Museum of Cultural History, Oslo, Norway
23 May 2019 - 24 May 2019
The Sea is History: Discourses on the Poetics of Relation is a two-day international conference at the Museum of Cultural History, organized in collaboration with Goethe-Institut, Oslo. It explores themes related to postcolonial discourse and builds on the exhibition The Sea is History, at the Museum of Cultural History.
Participants have been invited to reflect on the sea and its influence on migration as a fluid, open-ended, and unresolved cultural discourse, particularly in terms of the struggle to address social inequality.
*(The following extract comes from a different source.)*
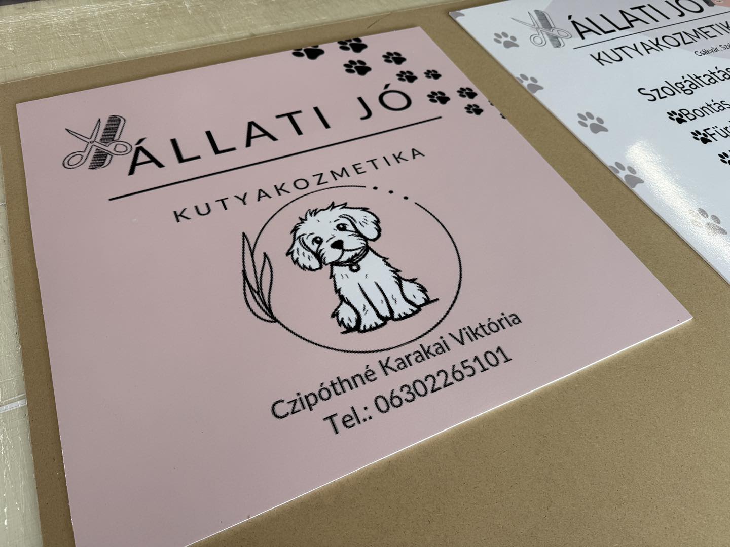 Minden cégtábla UV-álló és formatartó, legyen szó 3-5 mm-es PVC-ről vagy Dibond lemezről.

Sea currents, like humans, move back and forth connecting countries and continents, through time and history. Likewise, migration and displacement are not limited to a single geographic region or historical era. These recurring themes in the exhibition relate to a timeframe that begins begins with the trade of enslaved people from Africa and continues until today. As a symbol for movement and flows, the sea is where the world’s intertwined stories and overlapping histories unfold.
Invited speakers include Christopher Cozier, Annie Paul, Hannah Wozene Kvam, Selene Wendt, Ishion Hutchinson, Louisa Olufsen Layne, Grace Aneiza Ali, Thomas Talawa Prestø, Michelle Tisdel, Michael Barrett, Nanette Snoep, Lill Ann Körber, Michelle Eistrup.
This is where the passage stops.